* _Data block_

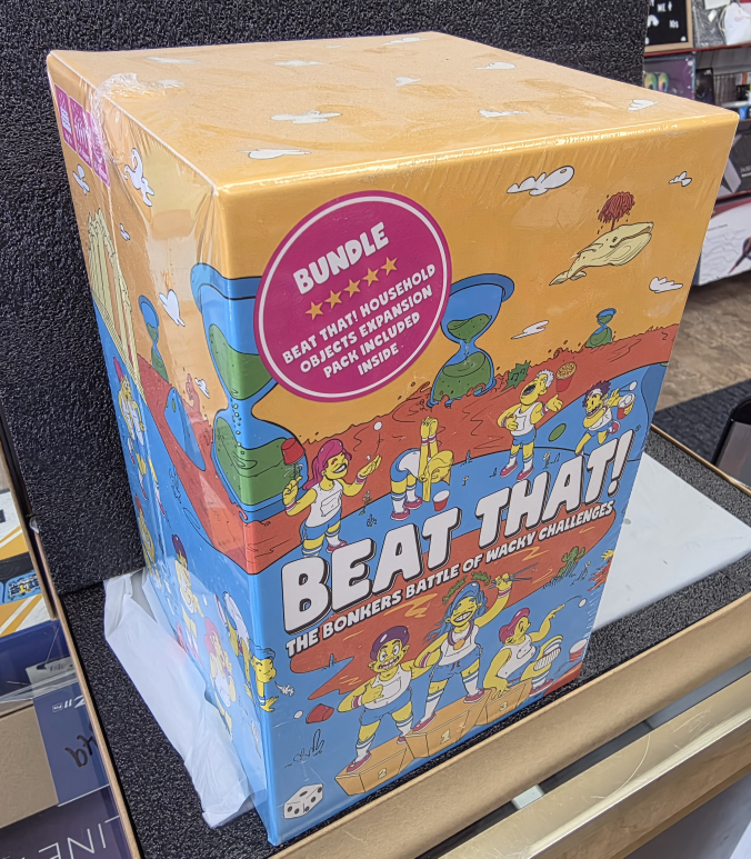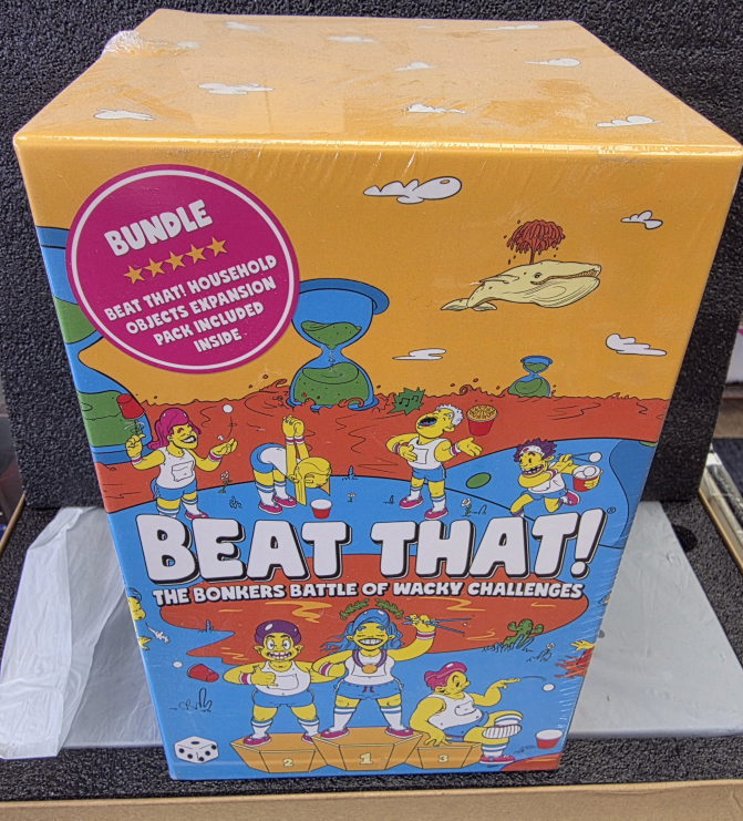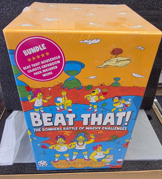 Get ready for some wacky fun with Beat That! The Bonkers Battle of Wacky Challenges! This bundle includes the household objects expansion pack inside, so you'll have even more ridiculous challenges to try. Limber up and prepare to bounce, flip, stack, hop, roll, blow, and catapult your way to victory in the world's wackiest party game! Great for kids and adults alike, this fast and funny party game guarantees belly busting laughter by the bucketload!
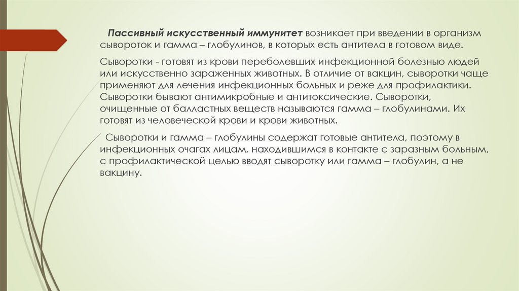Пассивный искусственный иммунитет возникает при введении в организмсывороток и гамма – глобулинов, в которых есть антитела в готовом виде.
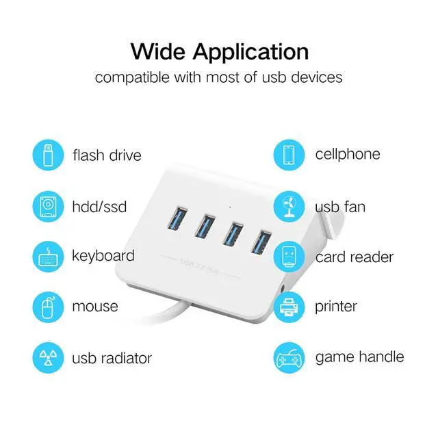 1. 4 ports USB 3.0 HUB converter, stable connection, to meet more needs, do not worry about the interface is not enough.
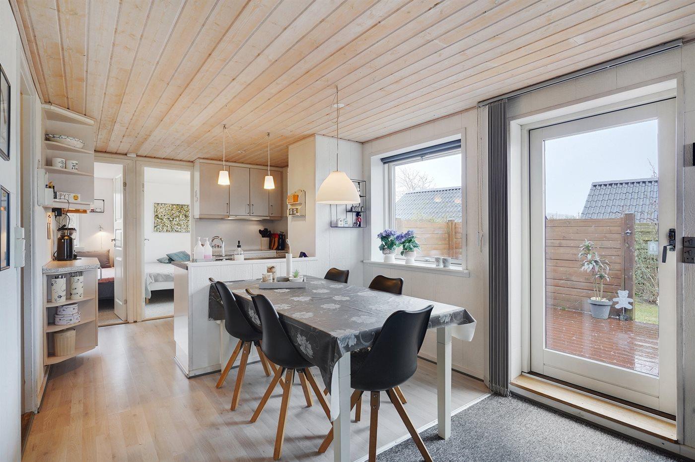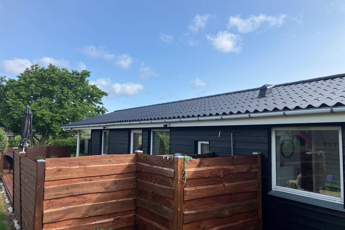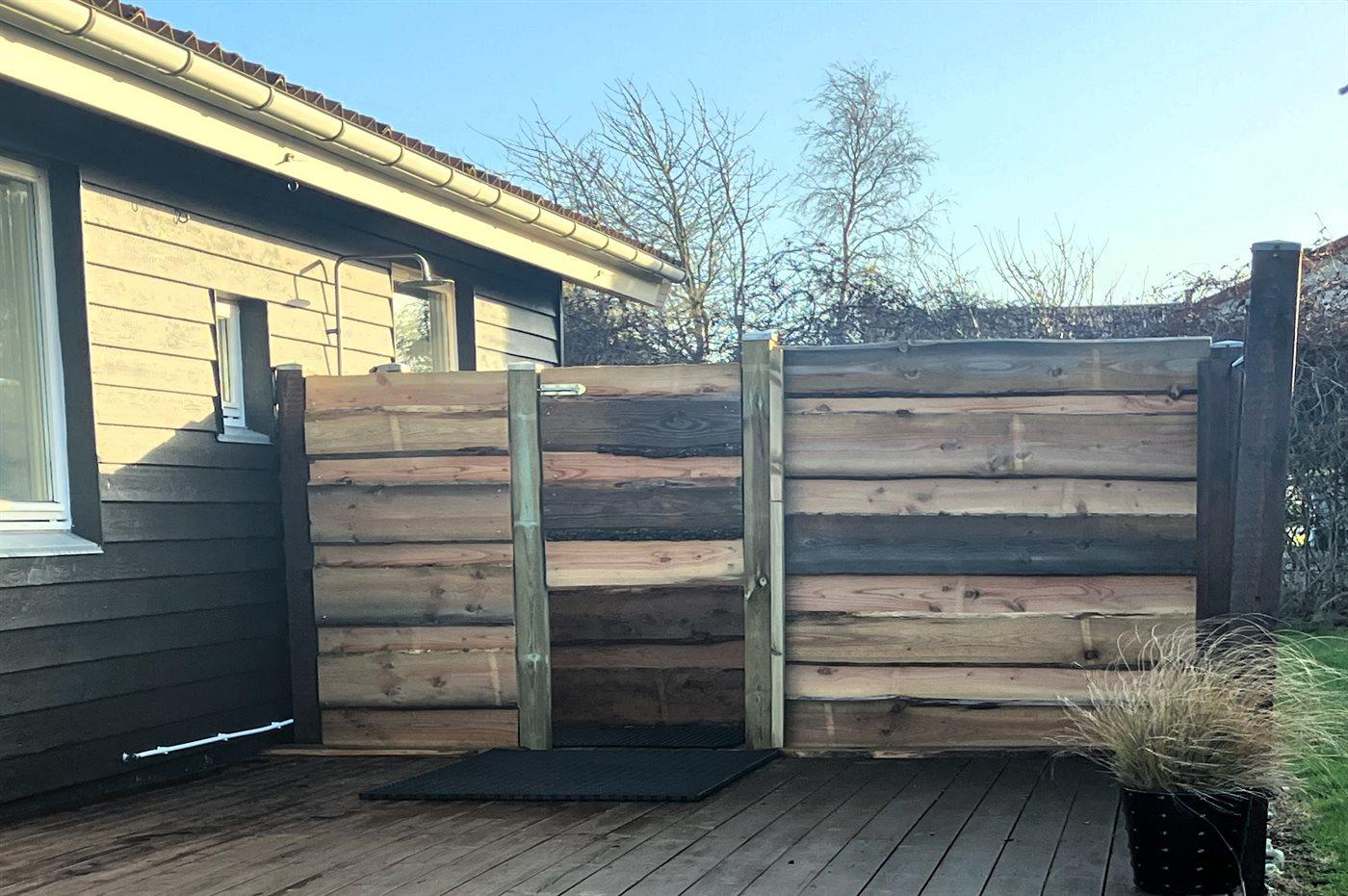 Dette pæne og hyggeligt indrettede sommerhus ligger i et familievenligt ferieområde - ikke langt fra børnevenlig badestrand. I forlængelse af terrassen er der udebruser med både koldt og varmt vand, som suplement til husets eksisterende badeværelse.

* _Exercise instructions_
Extract the full listing exactly, with the pictures left out.

* _Answer to the exercise_
 Get ready for some wacky fun with Beat That! The Bonkers Battle of Wacky Challenges! This bundle includes the household objects expansion pack inside, so you'll have even more ridiculous challenges to try. Limber up and prepare to bounce, flip, stack, hop, roll, blow, and catapult your way to victory in the world's wackiest party game! Great for kids and adults alike, this fast and funny party game guarantees belly busting laughter by the bucketload!
Пассивный искусственный иммунитет возникает при введении в организмсывороток и гамма – глобулинов, в которых есть антитела в готовом виде.
 1. 4 ports USB 3.0 HUB converter, stable connection, to meet more needs, do not worry about the interface is not enough.
 Dette pæne og hyggeligt indrettede sommerhus ligger i et familievenligt ferieområde - ikke langt fra børnevenlig badestrand. I forlængelse af terrassen er der udebruser med både koldt og varmt vand, som suplement til husets eksisterende badeværelse.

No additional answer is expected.